Etwas weiter außerhalb der Stadt liegt der Tunnel Beach. Der macht seinem Namen alle Ehre, denn es gibt hier sogar gleich zwei Tunnel. Vom Parkplatz aus läuft man noch einen guten Kilometer bis man die Küste erreicht. Einen wirklichen Sandstrand gibt es hier nicht, dafür eine rauhe, felsige Küste. Von weit oben schon sichtbar ist der erste Tunnel, den das Meer im Laufe der Zeit in den Felsen gegraben hat. Das Wasser schießt geradezu hindurch und macht dabei deutlich, wie stark das Meer tatsächlich ist. Den zweiten Tunnel sieht man erst, wenn man direkt davor steht. Er ist menschengemacht, und führt durch das Gestein hinunter zum Meer. Hier gibt es eine kleine Höhle, die allerdings nur ein paar Meter in den Fels führt und dann aufhört. Insgesamt drei mal war ich an diesem fast magischen Ort, wo die Kräfte der Natur so eindrucksvoll und ungehindert walten. Klingt vielleicht übertrieben, aber ist so!

Auch die meisten Berge der näheren Umgebung habe ich teils erradelt, teils erlaufen. Mein Auto hatte ich zunächst an Ilaria, die damit eine Rundtour über die Südinsel gemacht hat, verliehen und später dann verkauft. Stattdessen hatte ich mir ein Fahrrad im Secondhand-Shop gekauft, um einfach und schnell überall hin zu kommen. Es gibt ein paar Gipfel, die alle um die 650m hoch sind. Der Flagstaff ist mit genau 666 Metern (ob das wohl ein Zeichen ist?) der zweithöchste Gipfel nach Mount Cargill im Norden und bietet daher einen grandiosen Rundumblick auf die Stadt und das Umland. Um den Gipfel zu erreichen, brauchte ich zwei Versuche. Im ersten Versuch lief ich zusammen mit Konrad vom Hostel los. Man kommt von drei Seiten auf den Gipfel, wir suchten uns den Weg aus, der die längste Zeit durch den Wald führt. Der Weg war ziemlich cool, er führte vorbei an einem Wasserfall und einem kleinen aber feinen See, und einige kleinere Bäche wollten überquert werden. Leider wurde es immer düsterer und fing dann recht kräftig an zu regnen, weshalb wir uns dazu entschieden, auf halbem Weg wieder umzudrehen. Bei meinem zweiten Versuch fuhr ich mit dem Fahrrad an die andere Seite und nahm den kürzeren Aufstieg. Der Weg war steiler, dafür war ich ziemlich bald tatsächlich am Gipfel. Und es hat sich sowas von gelohnt - die ganze Stadt breitete sich unter mir aus. Die Hügel auf der anderen Seite waren halb hinter Wolken verborgen, was der Umgebung eine märchenhafte Stimmung verlieh.
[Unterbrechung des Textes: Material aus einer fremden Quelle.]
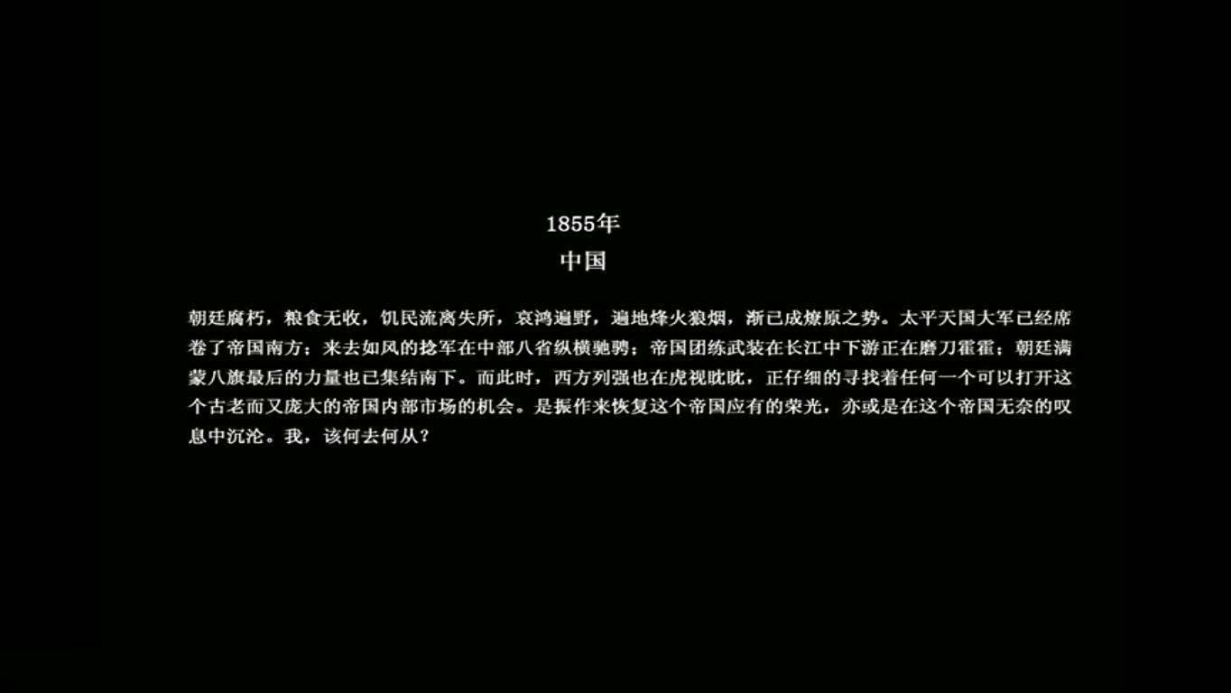 1855年,太平天国的最辉煌逐渐逝去,但是天京犹在,石达开犹在,这场波澜壮阔的中国历史上最后一次的农民起义是一场烈火,燃烧在浩荡华夏的每一寸土地。京畿之畔,中原大地上揭竿而起的捻军也终于会盟一处,共事大业。与此同时,清帝国依然还统治者中国大部分土地,借助洋人的帮助正在做着最后的变革。在与太平军作战中逐渐成长起来的湘军和淮军逐渐装备了新式的火器,训练出了新式的军队。曾经的八旗子弟震惊于太平天国的威势,又重新拿起了刀枪剑戟,踏上了马鞍,驰骋于大江南北,保卫祖宗基业。但是,真正的威胁来自海外,英、法、荷、日等帝国主义列强对中华大地垂涎三尺,虎视眈眈,随时可能踏上中国的土地,蹂躏中华儿女。置身千年未有之变局,中国该何去何从?励精图治,再现康乾盛世;抑或大火燎原,涅槃重生,实现太平盛世。帝国的叹息,由你来改变帝国的命运。

Der Signal Hill ist zwar nur 393m hoch, dafür schließt er sich aber direkt an die Stadt an. Hierher kam ich auch eines morgens vor dem Arbeiten zum Joggen und konnte die Morgensonne genießen, wie sie den Otago Harbour und die Stadt langsam erhellt und wärmt.
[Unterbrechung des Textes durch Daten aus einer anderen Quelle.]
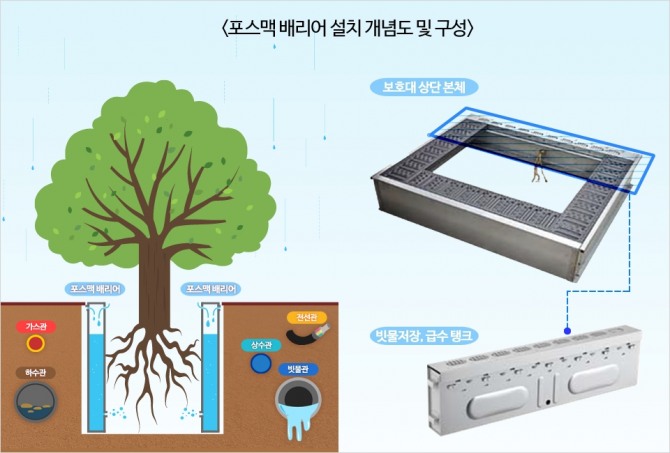 제품 연구개발을 진행해온 고광호 포스코 강건재솔루션그룹 과장은 "포스맥 배리어가 물 부족에 따른 가로수 뿌리의 솟구침을 억제하고 저장한 빗물을 재활용해 뿌리에 수분을 공급해 도심 가로수 생육을 도울 수 있는 친환경 솔루션”이라고 설명했다.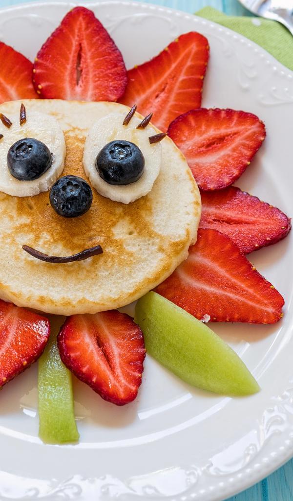 Обои Оладьи с фруктами и ягодами на тарелке

Auch zur Otago Peninsula, eine Dunedin vorgelagerte Halbinsel mit allen möglichen seltenen Tieren und auf der anderen Seite des Otago Harbours Port Chalmers, dem Haupthafen Dunedins, ist es nicht allzu weit von Dunedin aus. Der Halbinsel widmete ich einige Tagesausflüge, die aber ihren eigenen Blogeintrag verdienen.